Task item: Return the material below exactly, but only from the line with "Vintage Black &" through the line with "Det er harmløst, så", and without its pictures.

--*--

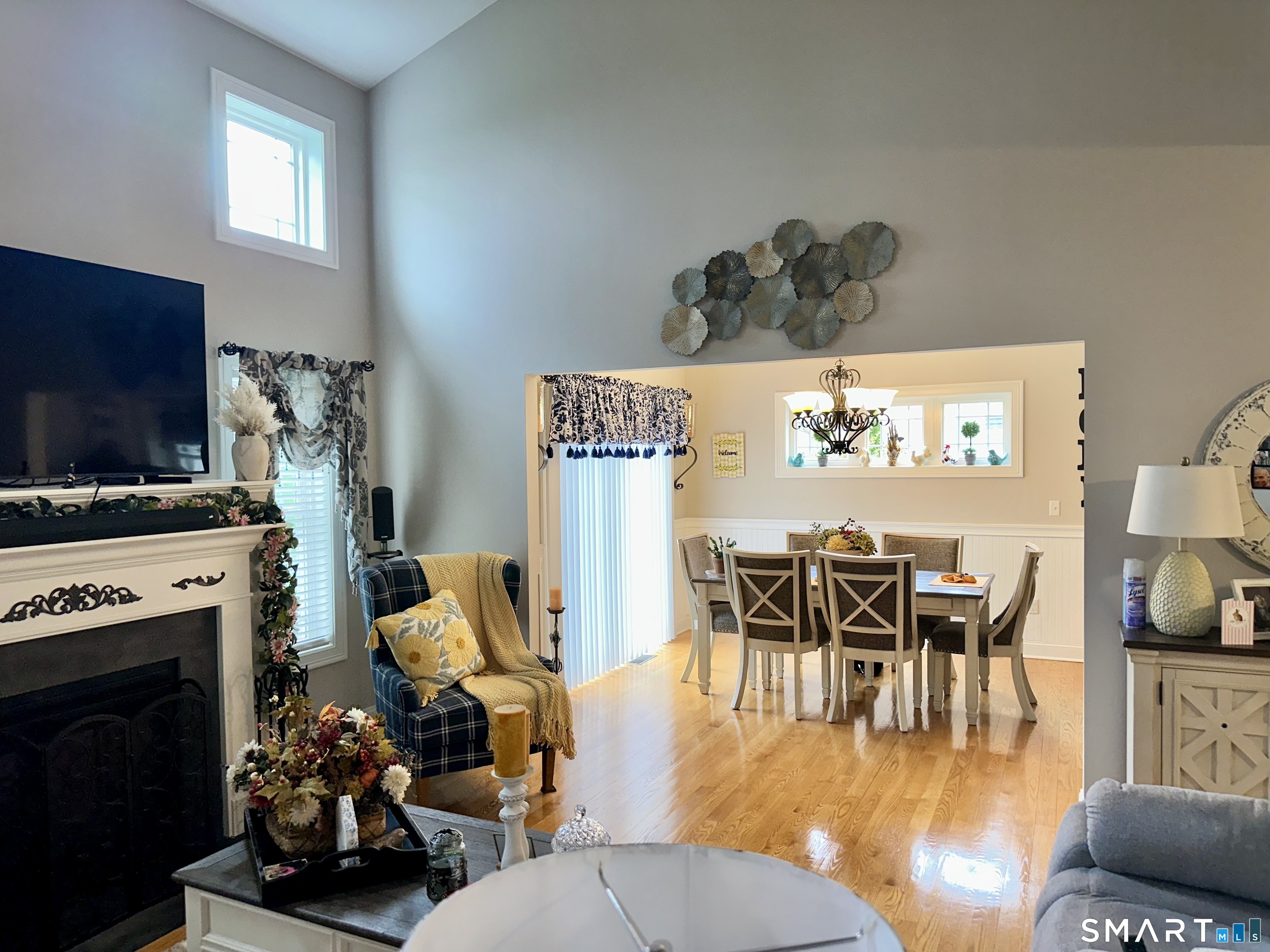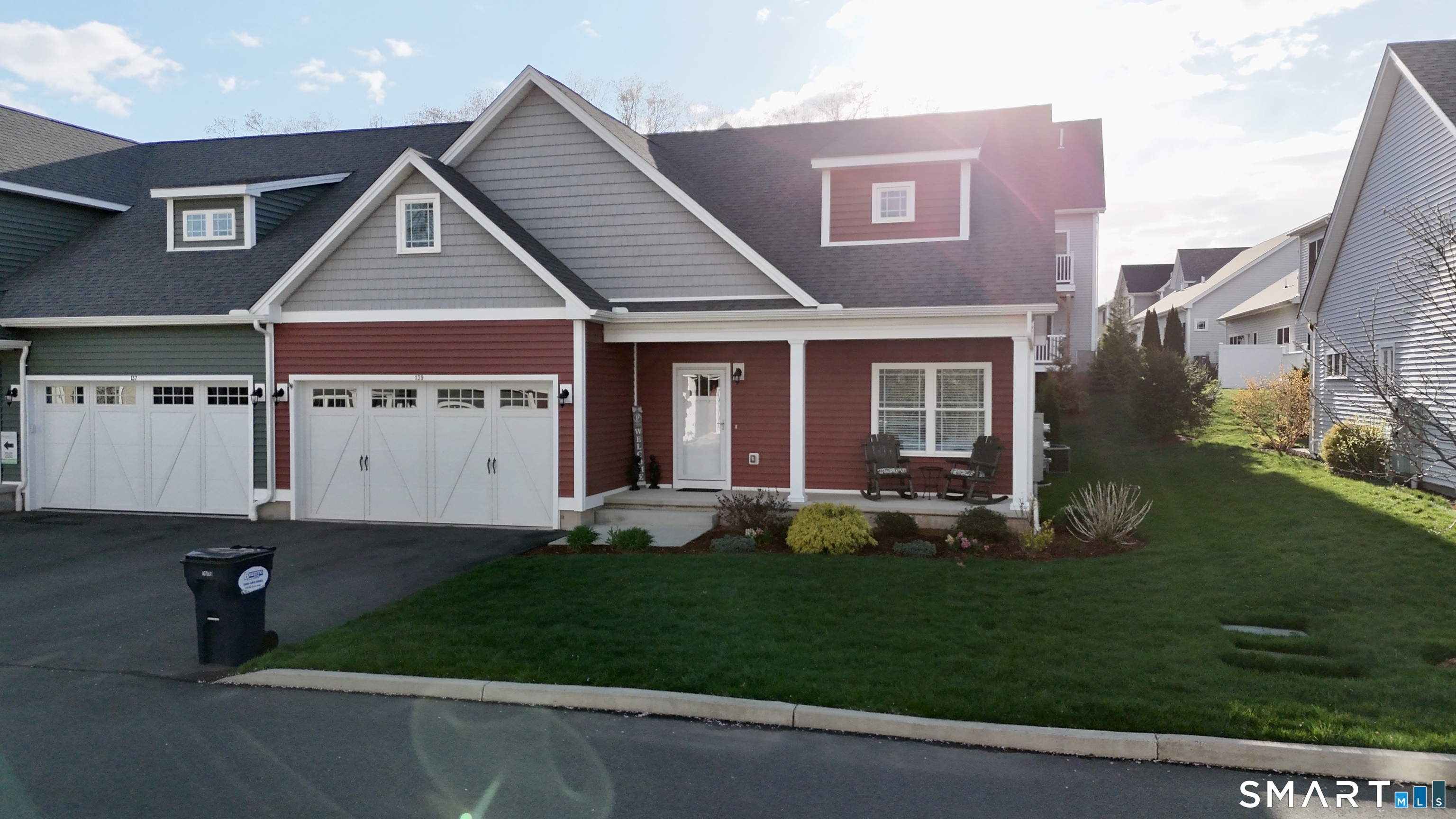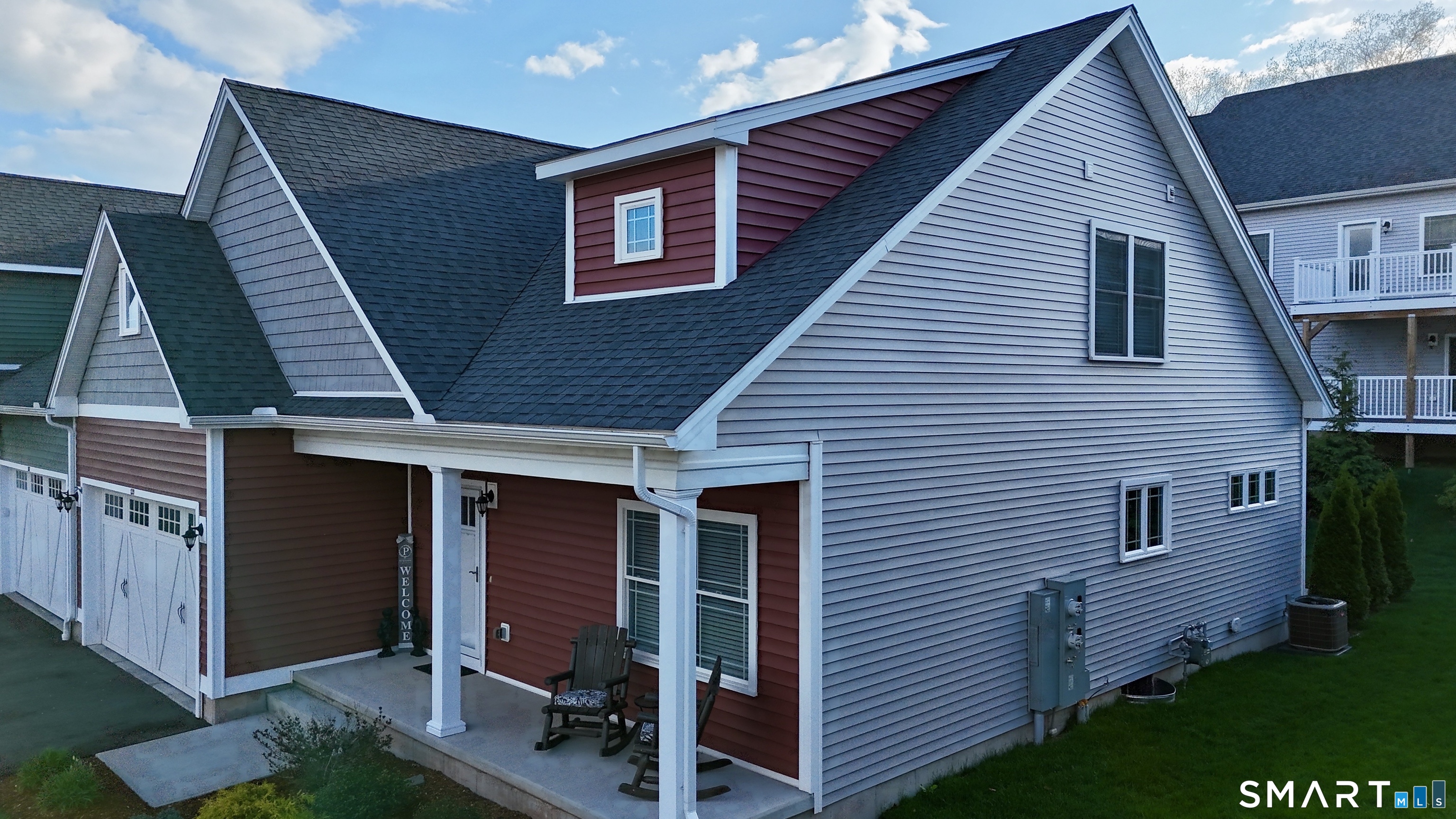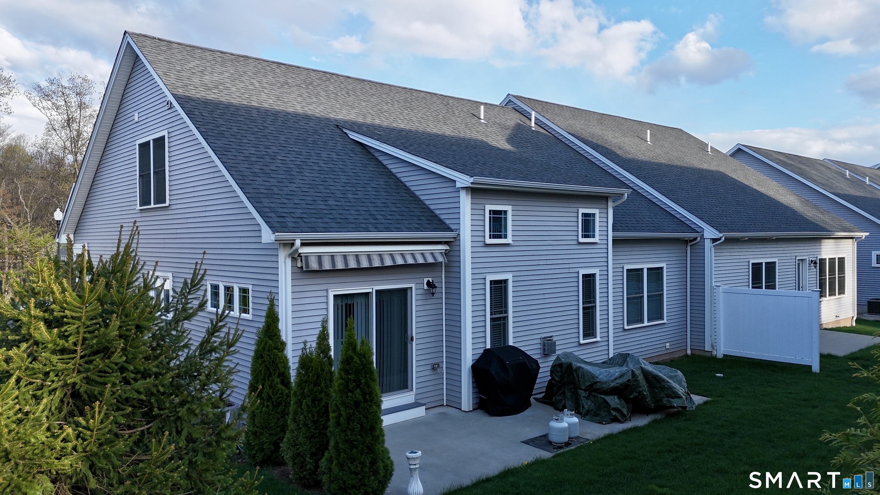 A rare opportunity to own a truly upgraded Brigham model. Designed for effortless main level living, the floor plan offers two main floor bedrooms (one currently used as an office), an open flow living area, and direct access from the attached garage. A gas fireplace with direct vent anchors the two story great room, complemented by hardwood flooring throughout the main level including the primary bedroom, wainscoting in the kitchen, rain finished glass shower doors in both full baths, three ceiling fans, and surround sound wiring in five locations with receiver included. The upper level features a third bedroom, a full bath, and an oversized loft well suited as a second living area, media room, or home office, plus a generous finishable storage area ready to expand the living footprint. A full basement adds storage and features additional electrical outlets installed beyond code. Enjoy natural gas heat, a new gas hot water heater installed February 2026, public water, and public sewer. Step outside to the largest patio in the complex, an 8x16 space paired with a retractable awning for shade on demand. Tucked into a wooded setting, the home is minutes to Interstate 91, the Wilbur Cross Parkway, Yale New Haven Hospital, Quinnipiac University, downtown New Haven, and ample shopping and dining.
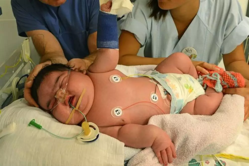 Вообще же самый тяжелый ребенок за всю историю наблюдений родился в 1879 году в Канаде. Правда, мальчик весом 10,77 килограмма скончался через 11 часов. В 2005 году в Бразилии родился мальчик весом 7,7 килограмма.
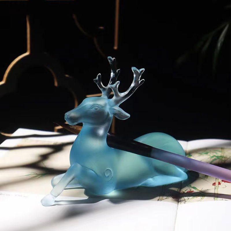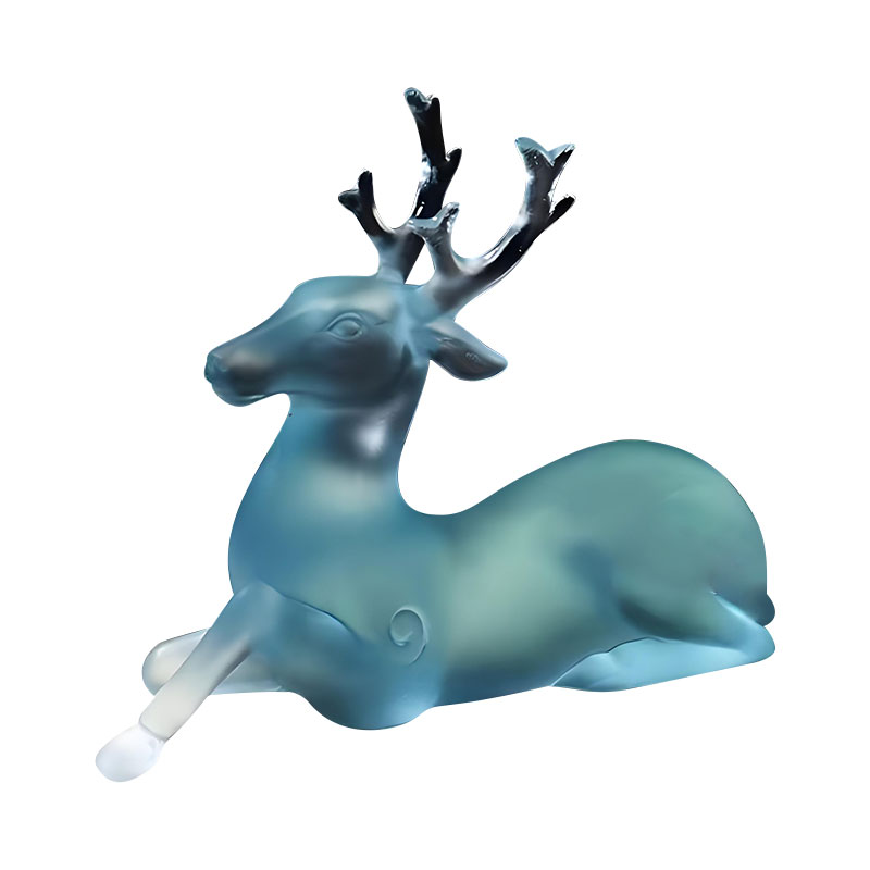 Is saothar meisciúil ealaíne é an sealbhóir scuab fianna gloine Gorm seo. Úsáideann an táirge ton úr gorm-uaine, rud a thugann mothú suaimhneas agus elegance do dhaoine, amhail is dá mba rud é go soladaíonn sé aclaíocht agus suaimhneas an dúlra. Is íomhá fianna é an sealbhóir scuab gloine Gorm seo, le staidiúir galánta agus línte mín. Tá beanna na fianna íogair agus fíorálainn, tá cuair an choirp nádúrtha agus bog, agus léirítear gach mionsonra go mion, ag taispeáint sárscileanna an cheardaí. Déanann uigeacht na gloine cuma saolta ar na fianna, amhail is dá léimfidh sé go héadrom sa chéad soicind eile.
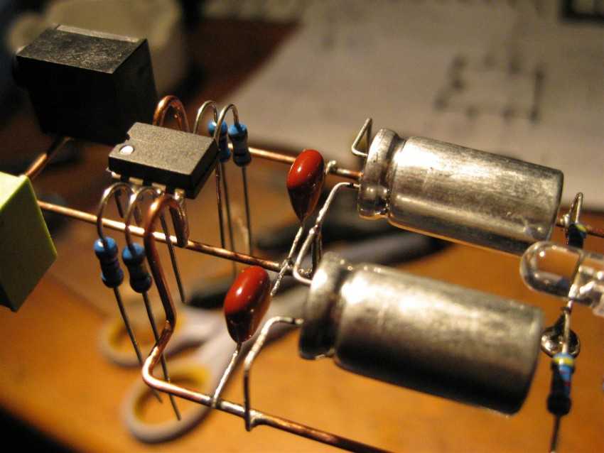 В хорошем ламповом усилителе Hi-End применяются монтажные лепестки и планки. Они используются в виде дополнительных точек. Такая сборка называется навесной. Также вам нужно будет распаивать резисторы и конденсаторы, которые находятся на ламповых панелях. Крайне не рекомендуется использовать печатные платы и собирать проводники так, чтобы получились параллельные линии. Таким образом сборка будет выглядеть хаотичной.
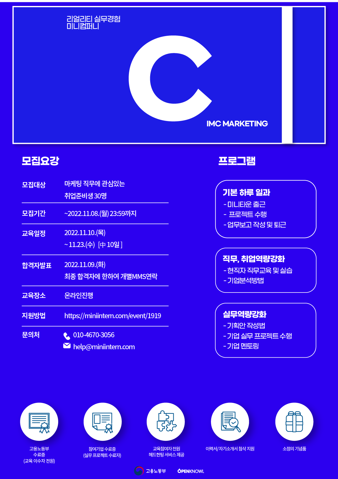 ▷ 주최사/ 활동명 - 고용노동부 / 미니컴퍼니 C 19기 ( IMC 마케팅 편)
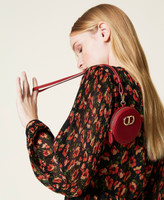 Pochette portamonete rotonda con zip, logo Oval T, moschettone e tracolla rimovibile.
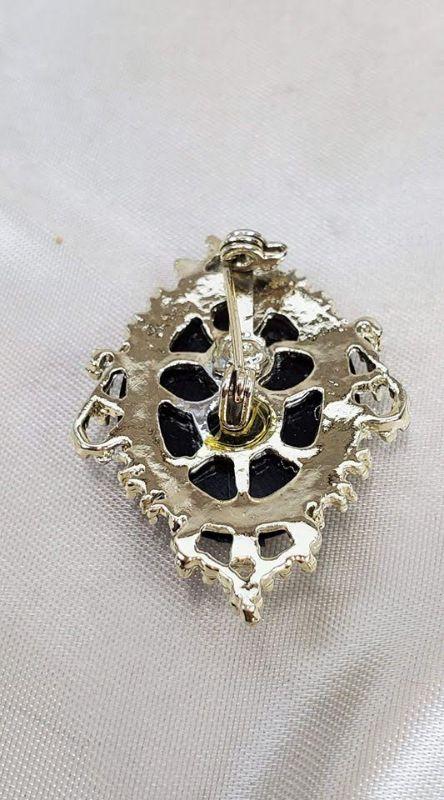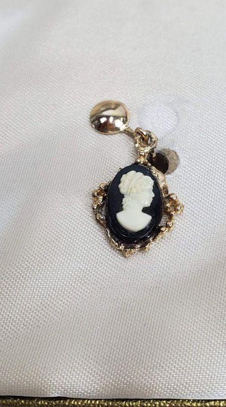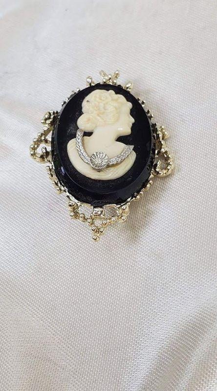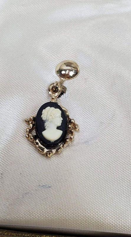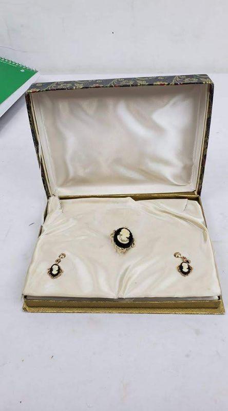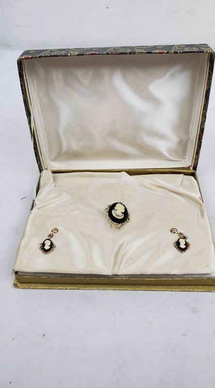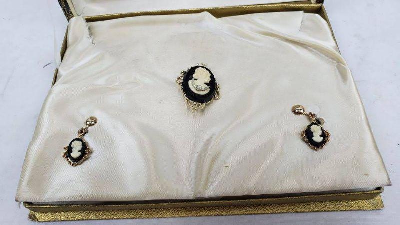 Vintage Black & Gold Cameo Pin & Clip on Earrings
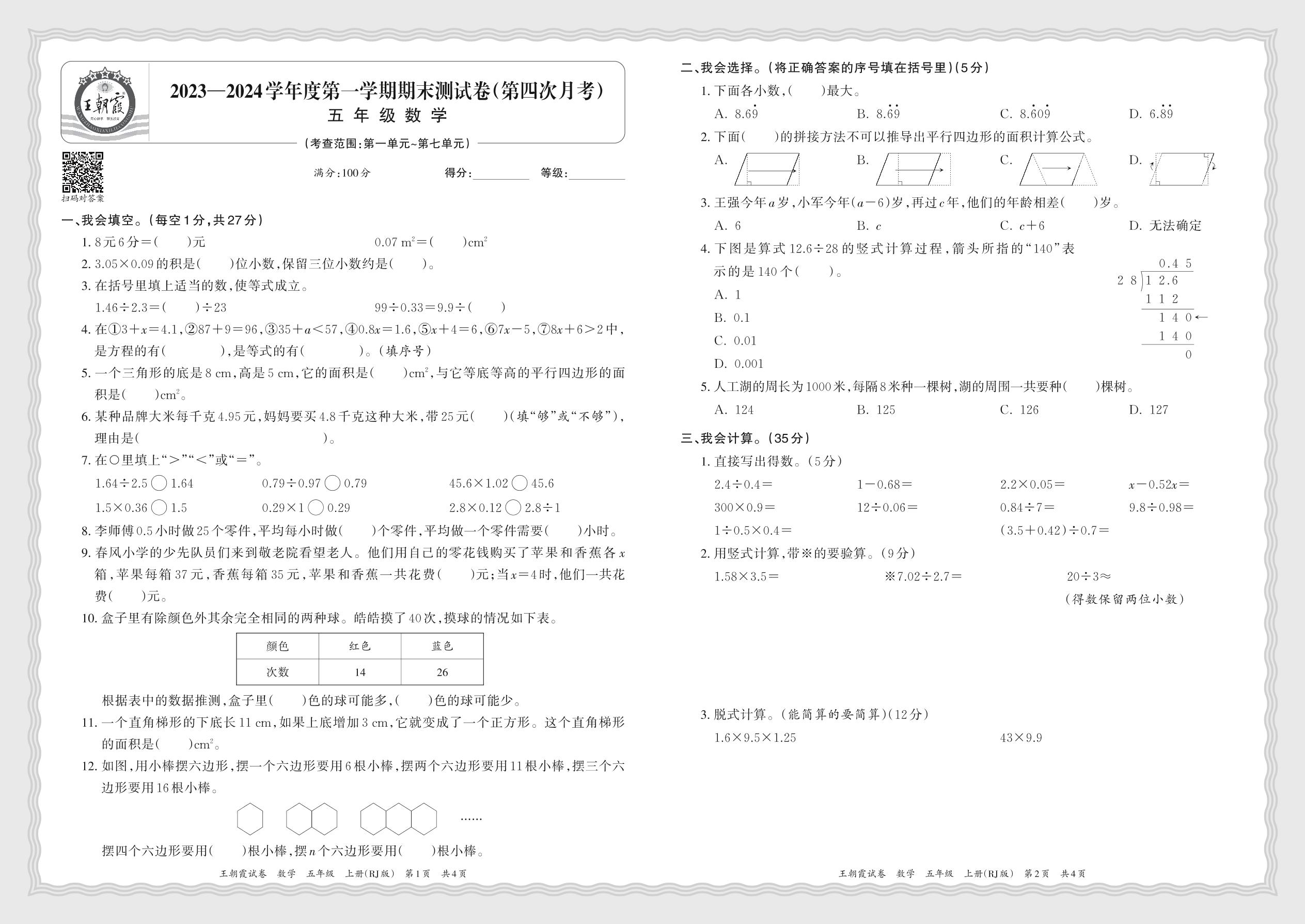 2023—2024学年度第一学期期末测试卷(第四次月考)五年级数学(人教版)
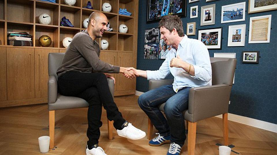 Noel Gallagher (kanan) bersama pelatih Manchester City, Pep Guardiola.
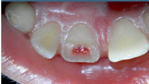 Det er harmløst, så længe barnet ikke klager over smerte, og så længe der ikke er kommet en tandbyld. Misfarvningen kan gå væk igen, men kan også vare ved indtil tanden tabes naturligt.
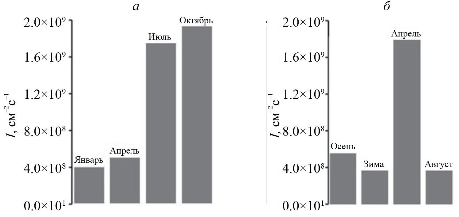 Рис. 3. Значения общей интегральной светимости I, см–2с–1, всей системы Атмосферных полос: для средних широт Земли (а), для экваториальной зоны, включая северные тропики (б)

--*--

Exercise answer:
 Vintage Black & Gold Cameo Pin & Clip on Earrings
 2023—2024学年度第一学期期末测试卷(第四次月考)五年级数学(人教版)
 Noel Gallagher (kanan) bersama pelatih Manchester City, Pep Guardiola.
 Det er harmløst, så længe barnet ikke klager over smerte, og så længe der ikke er kommet en tandbyld. Misfarvningen kan gå væk igen, men kan også vare ved indtil tanden tabes naturligt.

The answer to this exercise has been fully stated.